A new solar material that has the same crystal structure as a mineral first found in the Ural Mountains in 1839 is shooting up the efficiency charts faster than almost anything researchers have seen before—and it is generating optimism that a less expensive way of using sunlight to generate electricity may be in our planet's future.
The band gap of perovskites can be adjusted by changing their compositions to access different parts of the sun's spectrum. Credit: Dennis Schroeder
Researchers at the Energy Department's National Renewable Energy Laboratory (NREL) are analyzing the new material, perovskite, using the lab's unique testing capabilities and broad spectrum of expertise to uncover the secrets and potential of the semiconducting cube-like mineral.
NREL has already produced three scientific papers on perovskite, reporting on the science behind the very large length of the electron pairs (or charge diffusion length) in mesostructured perovskite solar cells. The two most-studied perovskite device structures are mesostructured (of medium complexity) and planar (two-dimensional). NREL Research Fellow David Ginley, who is a world-renowned materials scientist and winner of several R&D 100 Awards, said what makes perovskite device structures so remarkable is that when processed in a liquid solution, they have unusual abilities to diffuse photons a long distance through the cell. That makes it far less likely that the electrons will recombine with their hole pairs and be lost to useful electricity. And that indicates a potential for low-cost, high-efficiency devices.
NREL Senior Scientist Daniel Friedman notes that the light-absorbing perovskite cells have "a diffusion length 10 times longer than their absorption length," not only an unusual phenomenon, but a very useful one, too.

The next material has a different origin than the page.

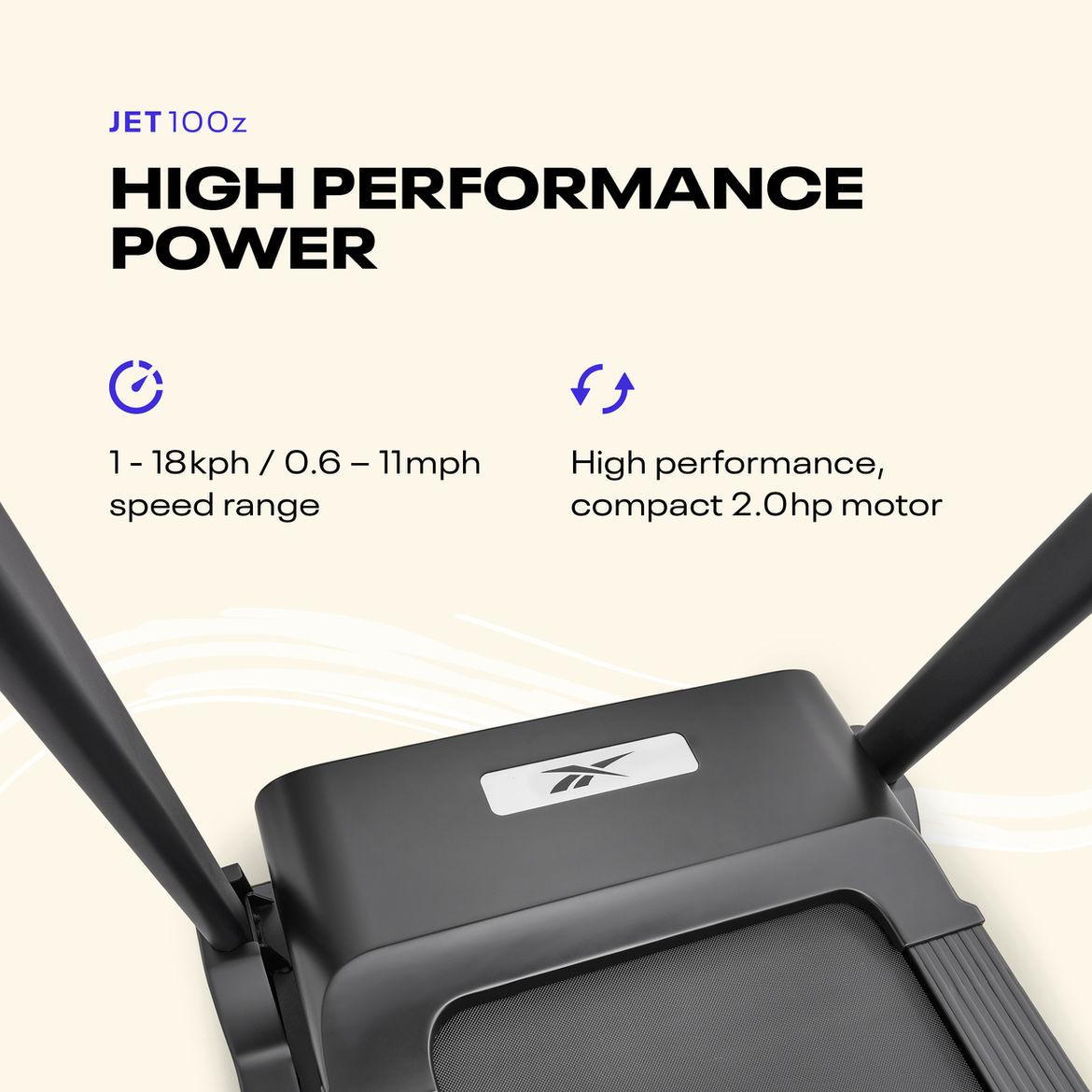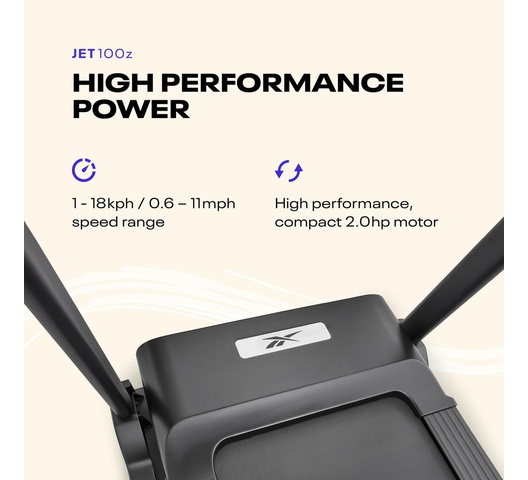 The reebok jet 100z treadmill is ideal for home cardio fitness thanks to its 2.0 hp motor, which delivers speeds of 0.6 – 11 mph across 12 levels of electronic incline.

Perovskite Is Flexible, Easier to Manipulate
The new cells are made from a relative of the perovskite mineral found in the Ural Mountains. Small but vital changes to the material allow it to absorb sunlight very efficiently. The material is also easy to fabricate using liquids that could be printed on substrates like ink in a printing press, or made from simple evaporation. These properties suggest an easy, affordable route to solar cells.
NREL Senior Scientist Kai Zhu prepares a perovskite solar cell in his lab, using a precursor solution that converts from a liquid base to an absorber in a device. Perovskite has shot up the conversion efficiency charts faster than any other solar cell material. Credit: Dennis Schroeder
By playing with the elemental composition, it is also possible to tune the perovskite material to access different parts of the sun's spectrum. That flexibility can be crucial, because it means that the material can be changed by deliberately introducing impurities, and in such a way that it can be used in multijunction solar cells that have ultra-high efficiencies. Multijunction solar cells are an NREL invention from 1991, but because of high material costs, standard multijunctions are used mostly in outer space applications such as satellites and the Mars rovers. Cheaper multijunction cells based on perovskites could radically change this.
In four years, perovskite's conversion efficiency—the yield at which the photons that hit the material are turned into electrons that can be used to generate electricity—has grown from 3.8% in 2009 to just north of 16%, with unconfirmed reports of even higher efficiencies arriving regularly. That's better than a four-fold increase. By contrast, efficiencies of single-crystal solar cells grew by less than 50% during their first five years of development, and most other types of solar cells showed similar modest improvements during their first few years.
NREL materials scientists are encouraged by the possibility of further optimizing the materials. For example, replacing lead with tin in the cells could improve the efficiency of multijunction cells made from perovskite. Besides switching to a more environmentally friendly material, the change from lead to tin would also allow the finished solar cell to better withstand high humidity.
NREL Ideally Positioned to Help the Field
"We can help the field, especially in areas where they need help in reliability and larger development," including understanding transport, or moving electrons from the solar cell to a circuit, Ginley said. "Those are all the things we do well."
NREL Senior Scientist Kai Zhu applies a perovskite precursor solution to make a perovskite film. Credit: Dennis Schroeder
"Perovskite shows promise to be a whole lot easier to make" compared to most other solar cells, said NREL Senior Scientist Joey Luther, who works with nanomaterials. "It doesn't require high-temperature processing. You can just dip glass into two chemicals and get the material to form on it."
The field is growing fast, but that's because there is so much to do, Luther said. "Every technique that everyone has used for every solar cell in the past, they want to try it on perovskite solar cells to see what they can learn. Anytime you jump into a new material, you need to get a feel for how it works — you just have to play around for a while," Luther said. "Look at the layers, see what modifications you can make with new materials, see what you can do to tune it."
Maximizing Efficiency, Minimizing Costs
Luther predicts that researchers will approach perovskite from two different directions. One will be to make the best semiconductor possible without regard to cost, and the other will be to try to make it as cheap as possible, trying spray-on techniques, for example. "Those fields are going to merge eventually," he said, as researchers discover the optimal trade-offs.